— RAW DATA —

* * * * * * *

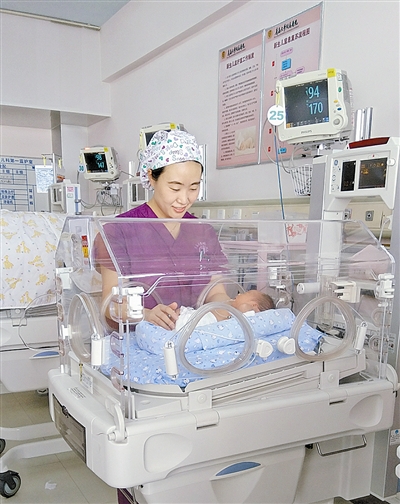 ■青大附院新生儿科护士长吴倩照护新生儿。
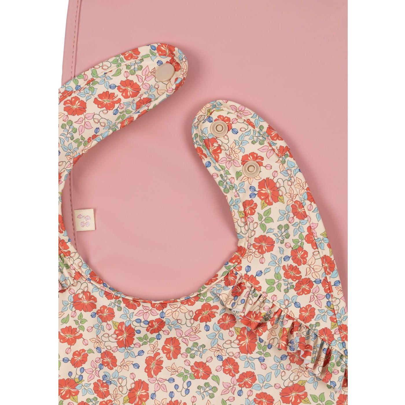 Este Pack de 2 Baberos Dinner Bibs con volantes de Konges Sløjd combina la practicidad del día a día con un toque encantador. Fabricados en material impermeable, destacan por su diseño cuidado con pequeños volantes en los laterales. Incluye un babero liso en tono rosa empolvado y otro con el precioso estampado floral White Frill.
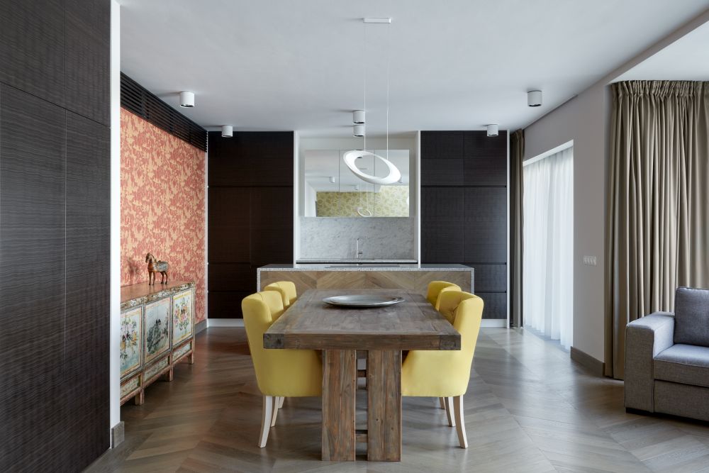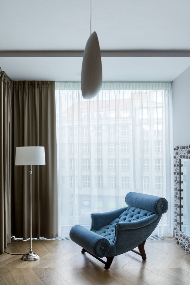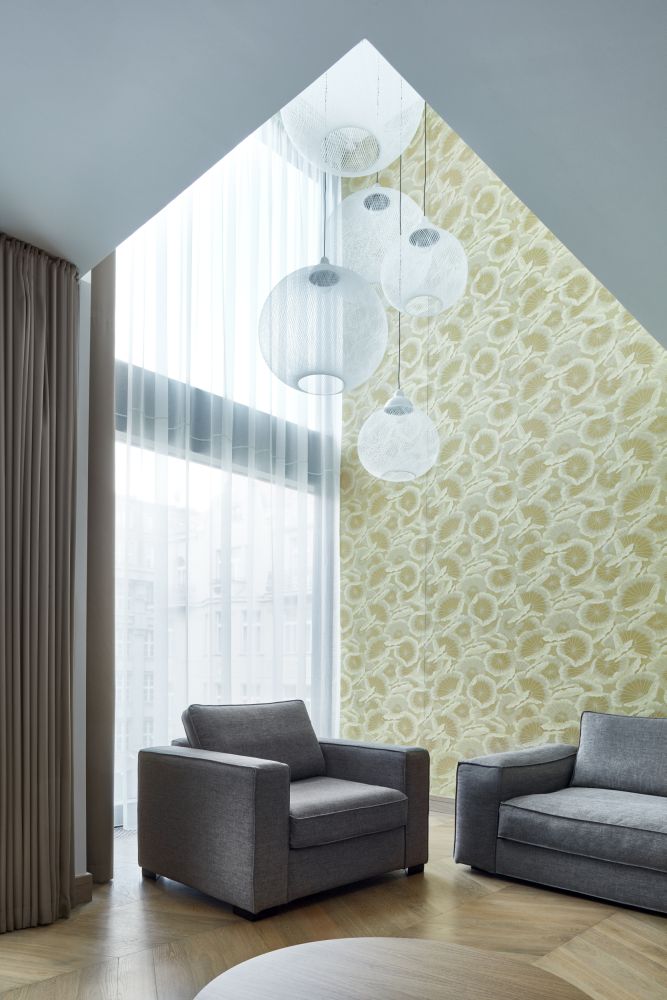 Zároveň bylo třeba do interiéru zakomponovat sbírkové předměty, které majitel bytu vlastní. Návrh se tedy snažil pro každý z předmětů navodit pomocí tematické tapety atmosféru, kterou daný předmět potřebuje. Díky tomu je interiér různorodý, ale zároveň ho spojují opakující se motivy a technika práce s detailem. Jedním z vysněných předmětů interiéru bylo lehátko Adolfa Loose od firmy Modernista.

* * * * * * *

— WHAT YOU ARE ASKED TO DO —
Retype, word for word, the line containing "Este Pack de" and each line after it through the end of the data, leaving any picture out.

— SOLUTION TO THIS EXERCISE —
 Este Pack de 2 Baberos Dinner Bibs con volantes de Konges Sløjd combina la practicidad del día a día con un toque encantador. Fabricados en material impermeable, destacan por su diseño cuidado con pequeños volantes en los laterales. Incluye un babero liso en tono rosa empolvado y otro con el precioso estampado floral White Frill.
 Zároveň bylo třeba do interiéru zakomponovat sbírkové předměty, které majitel bytu vlastní. Návrh se tedy snažil pro každý z předmětů navodit pomocí tematické tapety atmosféru, kterou daný předmět potřebuje. Díky tomu je interiér různorodý, ale zároveň ho spojují opakující se motivy a technika práce s detailem. Jedním z vysněných předmětů interiéru bylo lehátko Adolfa Loose od firmy Modernista.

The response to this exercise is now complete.